Chen Hui, Huang Jian, Lu Yong, Huang Jijie
School of Computer and Artificial Intelligence, Foshan University, Foshan, 528225, China.
School of Software and IoT Engineering, Jiangxi University of Finance and Economics, Nanchang, 330013, China.
Sci Rep. 2025 Jul 23;15(1):26732. doi: 10.1038/s41598-025-11072-0.

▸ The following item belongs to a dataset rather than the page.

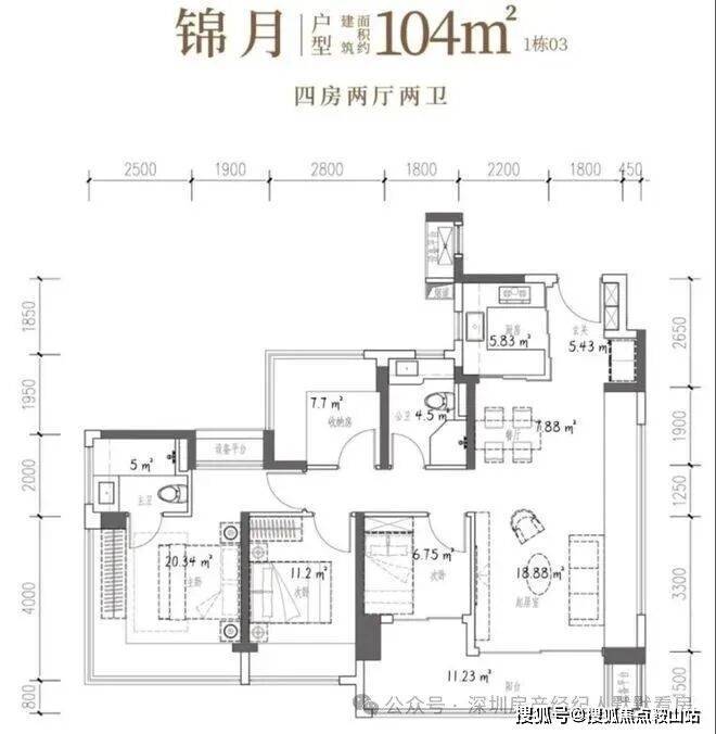 104㎡的4房2厅2卫,设计的是竖厅格局,客厅4.15米开间,LDKB一体化设计,预留冰箱卡槽位,四开间朝南,动静分区,主卧270°无柱转角飘窗还带1个设备平台约1.52平,分别做到了主卧20.34㎡/次卧11.2㎡/次卧7.7㎡/次卧6.75㎡(包含墙体飘窗),U型厨房烟道外置,卫生间干湿分离,得房率约100.71%(包含赠送),客厅连接次卧出大阳台约11.23平,西南朝向。

The Urban traffic flow is affected by both internal supply and demand changes and external random disturbances, and during its continuous spatiotemporal propagation, these factors overlap with each other, presenting a highly non-linear and complex spatiotemporal pattern, which poses a huge challenge to traffic flow prediction. In response to the above challenges, this paper proposes a novel Spatio-Temporal Graph neural network with Multi-timeScale (abbreviated as STGMS). In STGMS, a multi-timescale feature decomposition strategy was designed to decompose the traffic flow into signals at multiple timescales and residuals. A unified spatio-temporal feature encoding module was designed to integrate the spatiotemporal features of traffic flow and the interaction features of multi-timescale traffic flows. Finally, the mapping from the multi-timescale spatiotemporal feature encoding to the future traffic flow was learned. We conducted numerous experiments on four real-world datasets and compared them with eleven baseline models from the past three years. The results show that the performance of our model outperforms the current state-of-the-art baseline models. On the four datasets, the average improvement rates of the three prediction accuracy metrics, namely the Mean Absolute Error (MAE), Root Mean Square Error (RMSE), and Mean Absolute Percentage Error (MAPE), reach 17.69%, 15.65%, and 10.30% respectively.
城市交通流受到内部供需变化和外部随机干扰的双重影响,并且在其持续的时空传播过程中,这些因素相互重叠,呈现出高度非线性和复杂的时空模式,这给交通流预测带来了巨大挑战。针对上述挑战,本文提出了一种新颖的多时间尺度时空图神经网络(简称为STGMS)。在STGMS中,设计了一种多时间尺度特征分解策略,将交通流分解为多个时间尺度的信号和残差。设计了一个统一的时空特征编码模块,以整合交通流的时空特征和多时间尺度交通流的交互特征。最后,学习了从多时间尺度时空特征编码到未来交通流的映射。我们在四个真实世界数据集上进行了大量实验,并将其与过去三年的十一个基线模型进行了比较。结果表明,我们模型的性能优于当前最先进的基线模型。在这四个数据集上,三个预测精度指标,即平均绝对误差(MAE)、均方根误差(RMSE)和平均绝对百分比误差(MAPE)的平均提升率分别达到17.69%、15.65%和10.30%。